Mr Goodwill: I suspect I would have to reflect a long time before I wrote off the rights of 1.2 million British people living elsewhere in Europe, who I believe would need those similar assurances—for example, if they wished to take out a mortgage or to move into different employment.  It is not unreasonable to ask for a similar assurance to be given by the European Union about the rights of over 1.2 million people living elsewhere.  I am sure, as Mr Jones has said, that is low-hanging fruit that we should agree.  I hope we can agree fairly early in the process, but it is a shame that the offer made ahead of the triggering of Article 50 was not taken up.

Q68            Lord Cormack: I still think it could be done.  Could I ask one brief question?  You referred, yourself, to the Bulgarian and Romanian position, and I think those agreements did have some effect in stemming the immigration from those countries.  Clearly, that is over now, because one of you referred to Romania being a prime source of immigrants at the moment.  What damage is it doing?

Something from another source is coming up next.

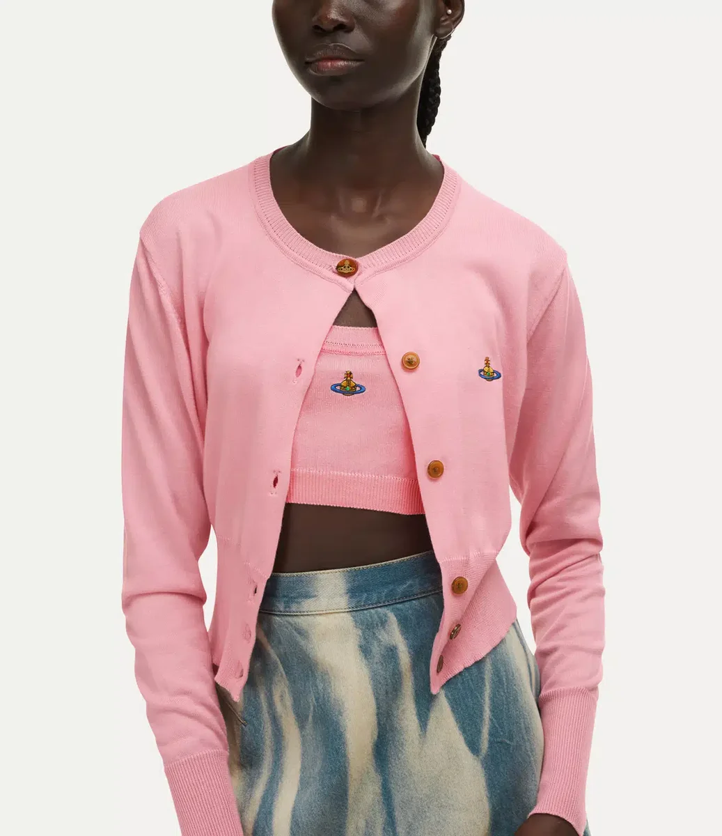 Il nostro cardigan corto Bea è stato rivisitato in questa stagione, realizzato in un morbido misto cotone e cashmere e decorato con un ricamo multicolore a forma di sfera sul lato sinistro del petto. Il capo presenta una grande chiusura con bottoni ovali sul collo, rifinita con il classico motivo “Line Orb” inciso.

Mr Goodwill: I am trying to understand the question, my Lord.  What damage is what doing—the end of the transitional arrangements?

Lord Cormack: Yes.

Mr Goodwill: The end of the transitional arrangements was very positive in terms of Bulgarians and Romanians, because they could come here to work without having to participate in one of the schemes such as the seasonal agriculture workers scheme.  The transitional arrangement did not apply to people coming here to be self-employed.  A number of people did come to set up small businesses here.

Transitional controls did play an important point in regulating the number of Bulgarians and Romanians that came to the UK.  There were no limitations as to their extent, and in particular they did not extend to those self-employed.  The Government are considering the full range of options for future immigration arrangements for EU citizens, and the Prime Minister has been clear that we are not leaving the EU to give up control of immigration.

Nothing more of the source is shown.